Saint amour de la solitude, tu n'es qu'un vif besoin de réalité!… le monde est si menteur qu'un caractère passionné pour le vrai doit être disposé à fuir les sociétés. La misanthropie est un sentiment calomnié: c'est la haine du mensonge. Il n'y a pas de misanthropes, il y a des âmes qui aiment mieux fuir que feindre.
Seul avec Dieu, l'homme dans sa retraite devient humble à force de sincérité; là il expie, par le silence et la méditation, toutes les heureuses fraudes des esprits mondains; leurs duplicités triomphantes, leurs vanités, leurs trahisons ignorées et trop souvent récompensées; ne pouvant être dupe, ne voulant point être trompeur, il se fait victime volontaire et cache son existence avec autant de soin que les courtisans de la mode en prennent pour se mettre en lumière; tel est, sans nul doute, le secret de la vie des saints, secret facile à pénétrer, vie difficile à imiter. Si j'étais un saint, je n'aurais plus la curiosité de voyager, j'aurais encore moins l'envie de raconter mes voyages; les saints ont trouvé: je cherche.

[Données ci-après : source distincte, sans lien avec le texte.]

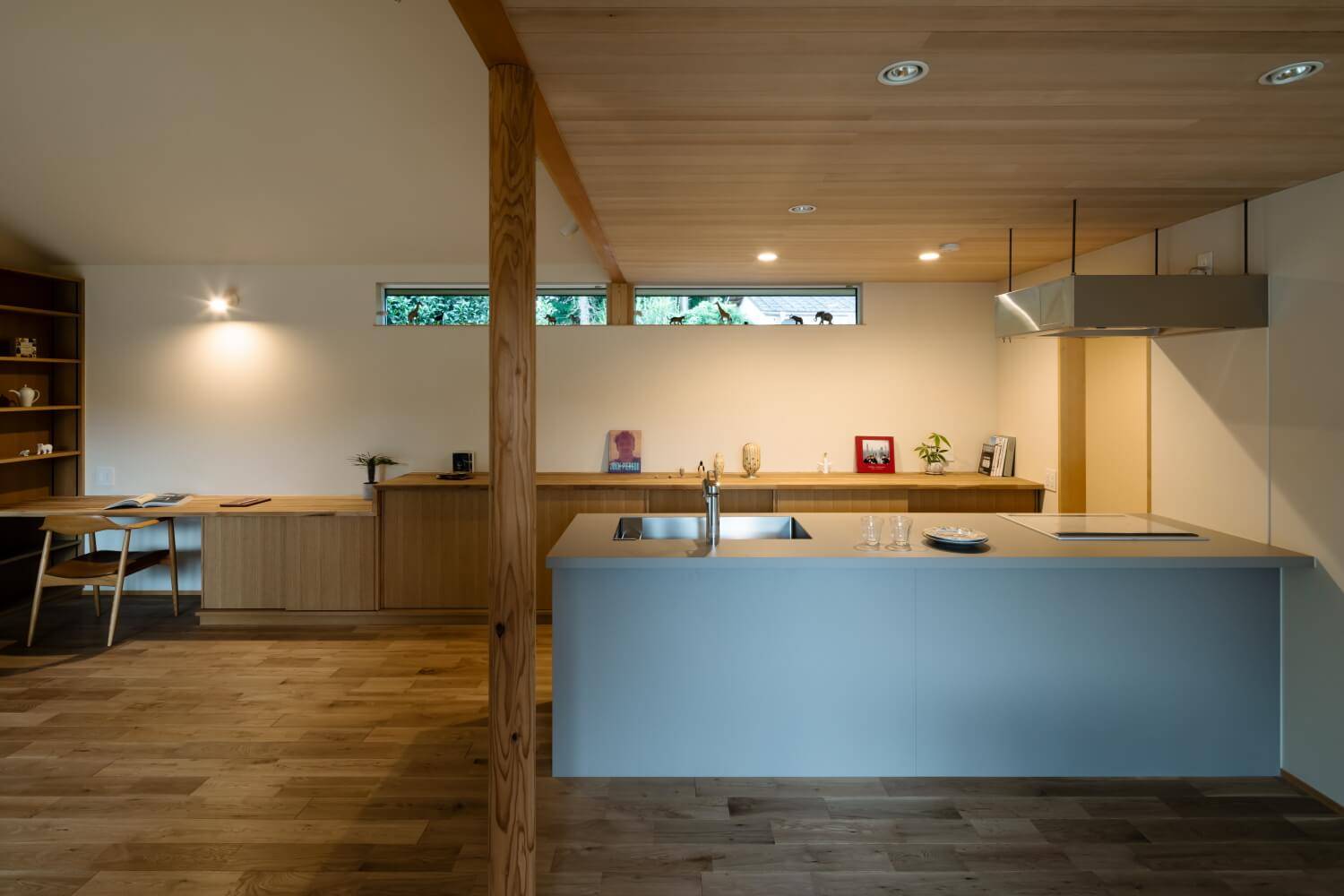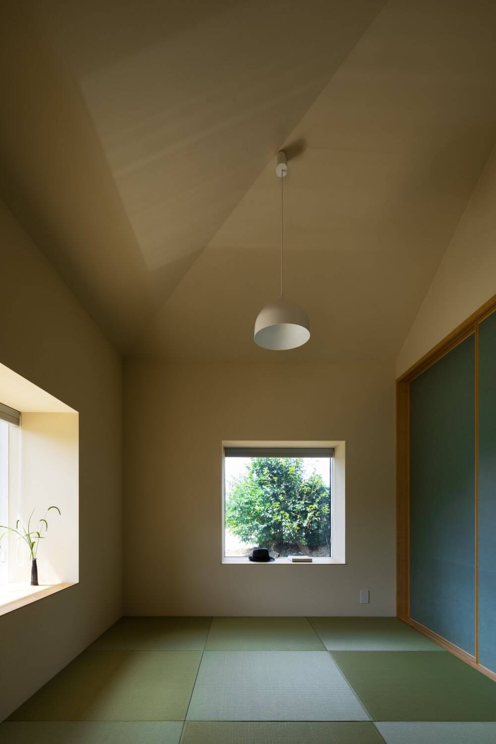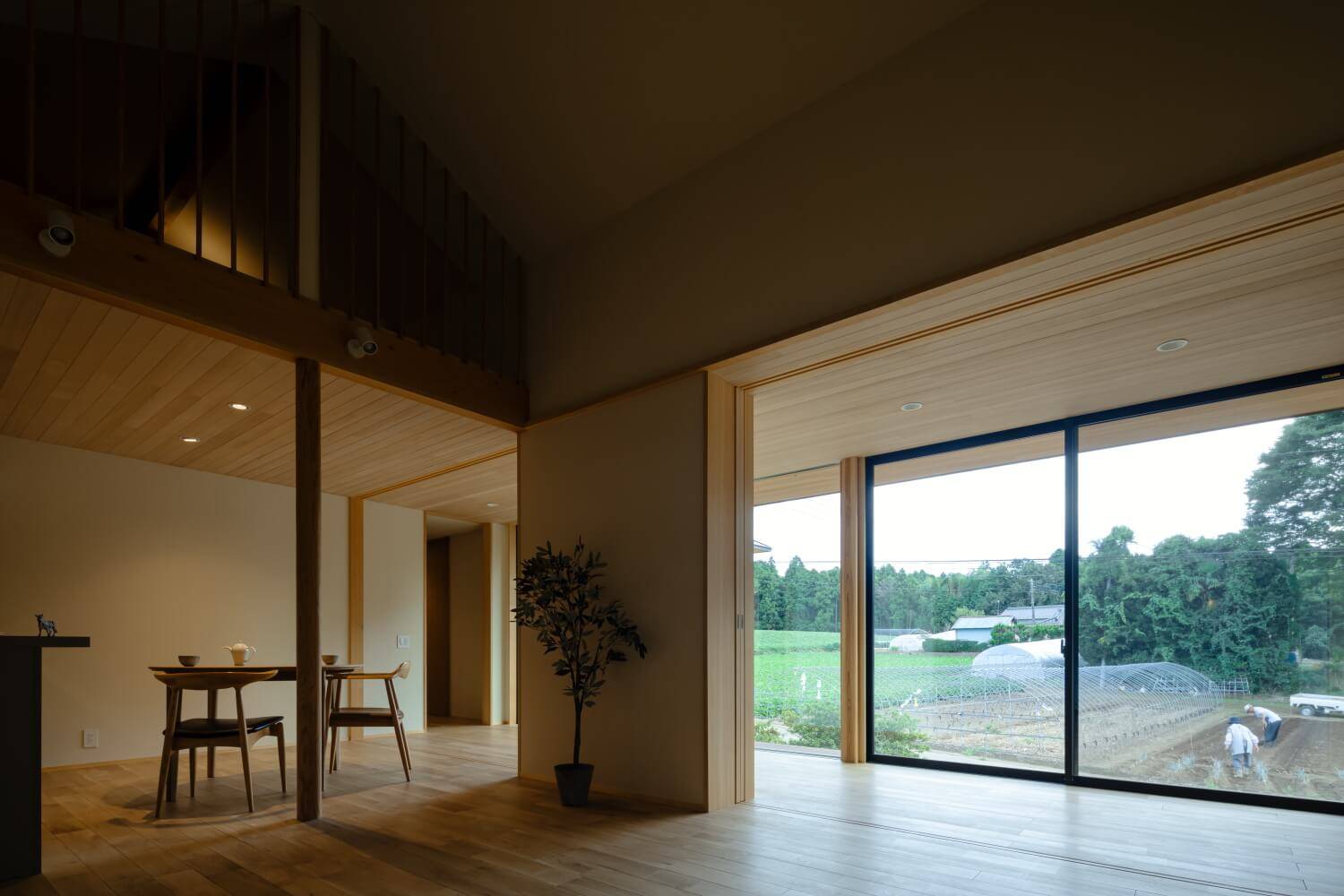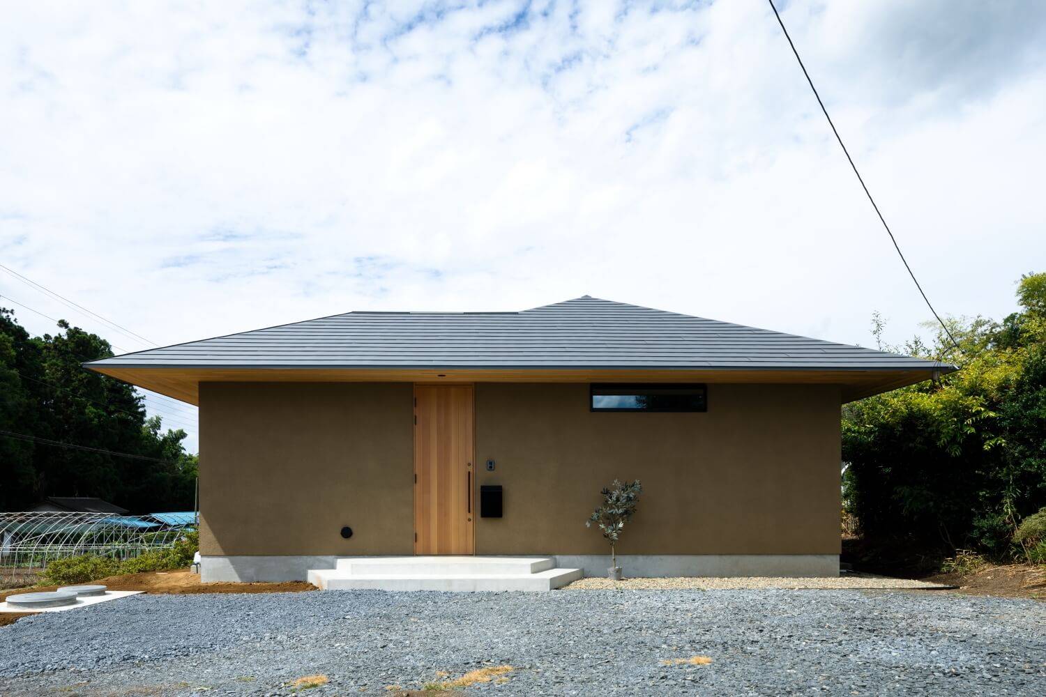 さつまいも畑に囲まれた農村集落にある平家の住まい。田の字型の間取りにうまやを取り込んだL字の屋根「曲家」が見られた地域である。建主との打ち合わせを重ねるなかで、うまやの位置に水回りを配したら曲家を現代的に読み替えたプランが生まれた。土壁の外壁も民家の様相がうかがえるが、畑の多い地域では土埃が多く、汚れが目立たないメリットもある。

Tout en cherchant, j'ai parcouru la Russie; je voulais voir un pays où règne le calme d'un pouvoir assuré de sa force; mais arrivé là, j'ai reconnu qu'il n'y règne que le silence de la peur, et j'ai tiré de ce spectacle un enseignement tout différent de celui que j'étais venu demander. C'est un monde à peu près ignoré des étrangers: les Russes qui voyagent pour le fuir paient de loin, en éloges astucieux, leur tribut à la patrie, et la plupart des voyageurs qui nous l'ont décrit n'ont voulu y découvrir que ce qu'ils allaient y chercher. Si l'on défend ses préventions contre l'évidence, à quoi bon voyager? Lorsqu'on est décidé à voir les nations comme on les veut, on n'a plus besoin de sortir de chez soi.

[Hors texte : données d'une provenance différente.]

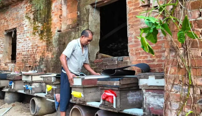 养蜂户肖作裕积极配合迁移,并当起“周郡蜂蜜”品牌的“宣传员”。
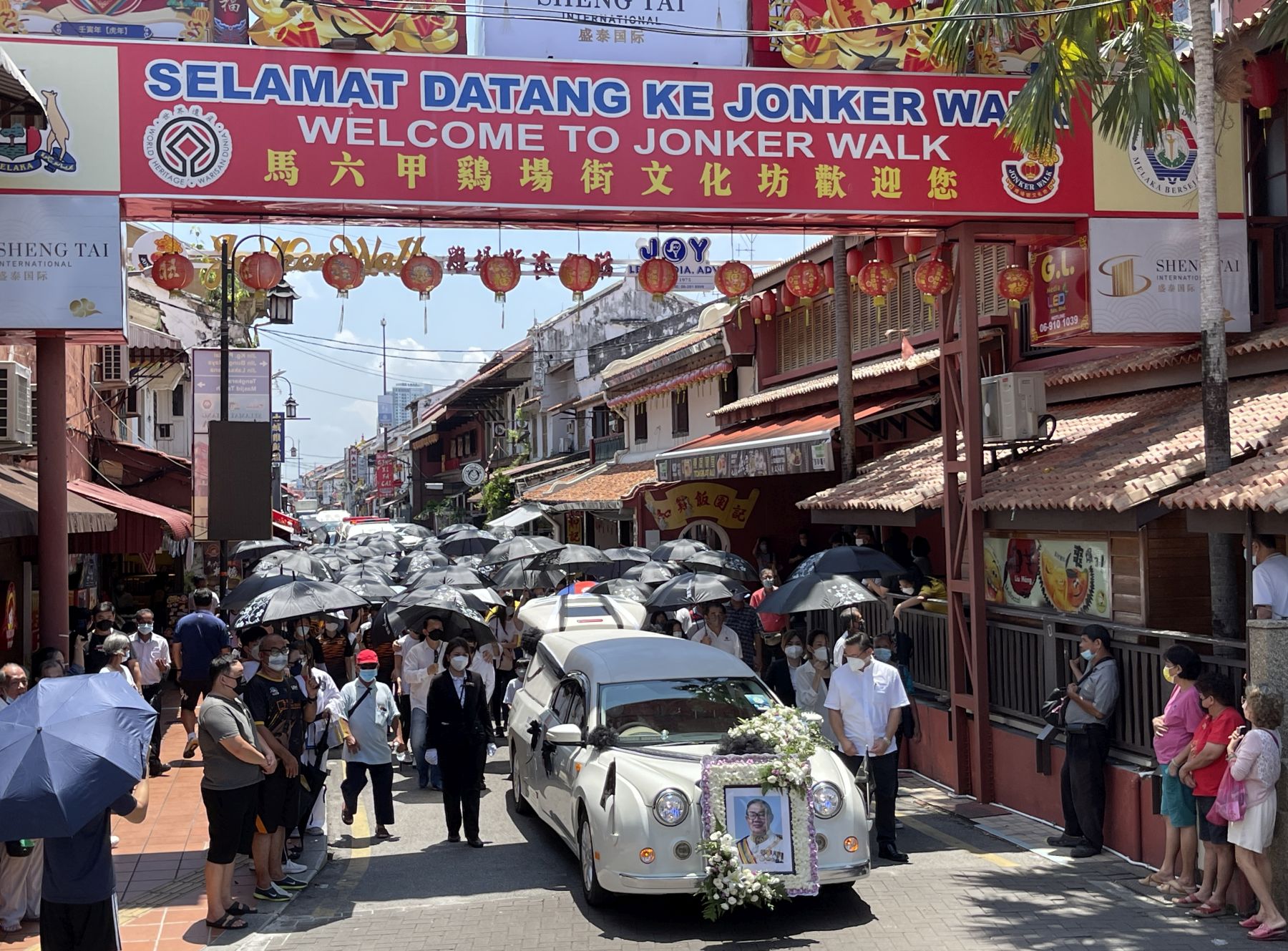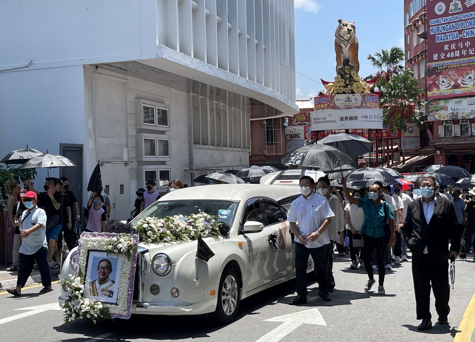 灵车于下午1时从丧府出发前往鸡场街文化坊,大奠旗在前,助丧队伍为武术龙狮队伍,沿途奏响哀鼓,民众和游客在旁给予最后的致敬;同时,灵车也在鸡场街舞台、世遗公园、福建会馆及“金虎”吉祥物前稍停。

Je vous envoie le résumé de mon voyage, écrit depuis mon retour à Ems; vous étiez présent à ma pensée pendant que je faisais ce travail; il m'est donc bien permis de vous l'adresser.
RÉSUMÉ DU VOYAGE.
En Russie, tout ce qui frappe vos regards, tout ce qui se passe autour de vous est d'une régularité effrayante, et la première pensée qui vient à l'esprit du voyageur lorsqu'il contemple cette symétrie, c'est qu'une si complète uniformité, une régularité si contraire aux penchante naturels de l'homme, n'a pu s'obtenir et ne peut subsister sans violence. L'imagination implore un peu de variété inutilement, comme un oiseau déploie ses ailes dans une cage. Sous un tel régime, l'homme peut savoir et sait, le premier jour de sa vie, ce qu'il verra, ce qu'il fera jusqu'au dernier. Une si rude tyrannie s'appelle, en langage officiel, respect pour l'unité, amour de l'ordre; et ce fruit acerbe du despotisme paraît si précieux aux esprits méthodiques, qu'on ne saurait l'acheter trop cher.
En France je me croyais d'accord avec ces esprits rigoureux; depuis que j'ai vécu sous la discipline terrible qui soumet la population de tout un empire à la règle militaire, je vous l'avoue, j'aime encore mieux un peu de désordre qui annonce la force, qu'un ordre parfait qui coûte la vie.
En Russie, le gouvernement domine tout et ne vivifie rien. Dans cet immense Empire, le peuple, s'il n'est tranquille, est muet; la mort y plane sur toutes les têtes et les frappe capricieusement; c'est à faire douter de la suprême justice; là l'homme a deux cercueils: le berceau et la tombe. Les mères y doivent pleurer la naissance plus que la mort de leurs enfants.